What we really want to do is store it in a process, a GenServer, so that we can reference to it.
We can then send a request to our service that will contain a session id, and return it so we can feed it back into the next request. We do this for 2 reasons:
- When we first send a request, the session will be nil, and a new one has to be created
- When the process crashes, or the pod is restarted, we get a new session.
For the 2nd point, we also want to store all the messages in the database so that we can show the history when context runs out and feed the context back into the session when the genserver crashes.
We need a Genserver and not an Agent because we also want to set a timeout on the genserver that it will destroy the process after some time of inactivity, I chose 2 hours.

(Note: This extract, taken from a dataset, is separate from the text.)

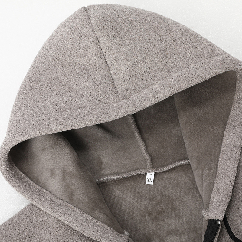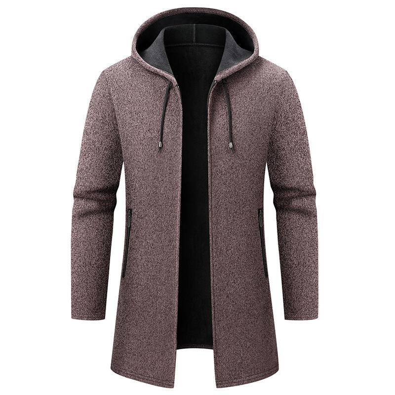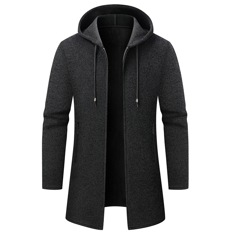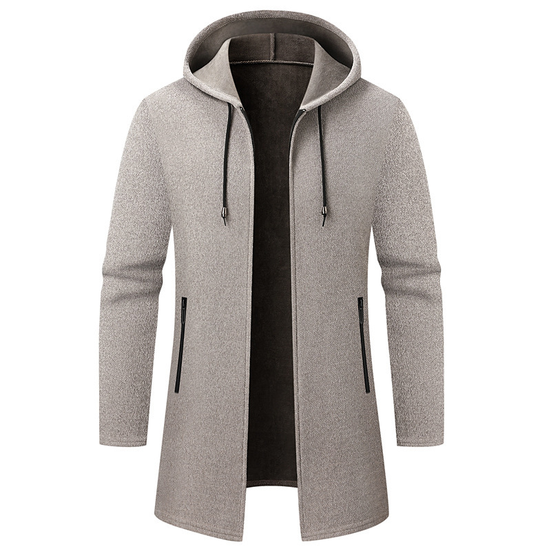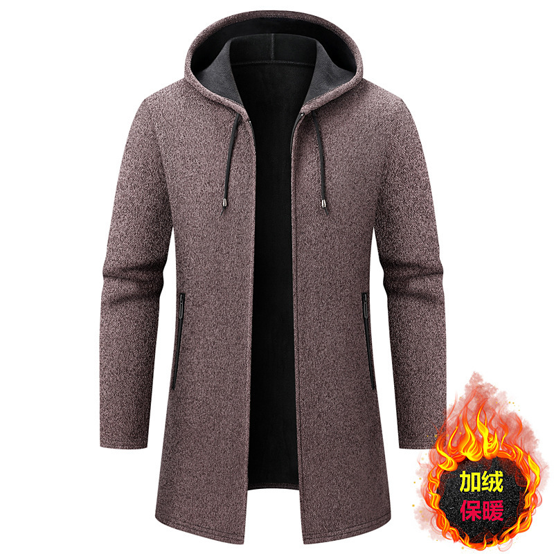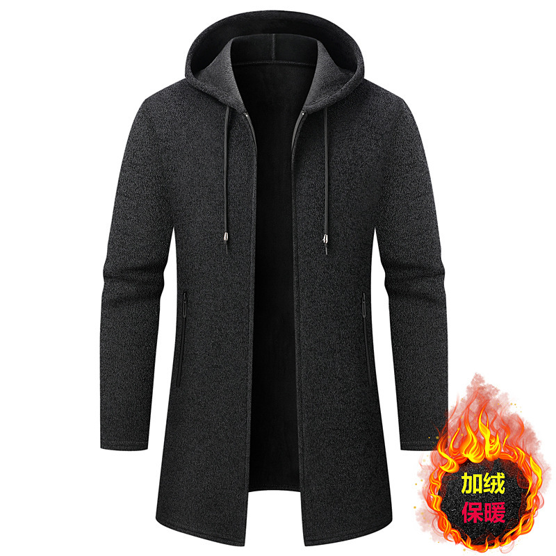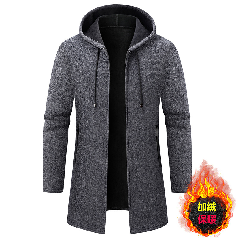 대외 무역 남성용 솔리드 컬러 중간 길이 스웨터 카디건 재킷 남성용 느슨한 두꺼운 후드 셔닐 스웨터

And now this will work great, as long as you have 1 replica of your service running.
Problem with Kubernetes
When you have multiple replicas it will be a little hard, because it is not certain where your request comes in. So we don’t know for sure the genserver containing the data exists on that pod.
So what we need, is a global DynamicSupervisor. We can use Horde for this. Start the processes for the session via the Horde Dynamic Supervisor and now it will work no matter how many replicas you have.
ExLLM
ExLLM is a great package that is, at the time of writing, in limbo a little bit. Version 1.0.0-rc1 has just come out but is not on HexPM yet, so I forked the repo and made some fixes. Feel free to use it.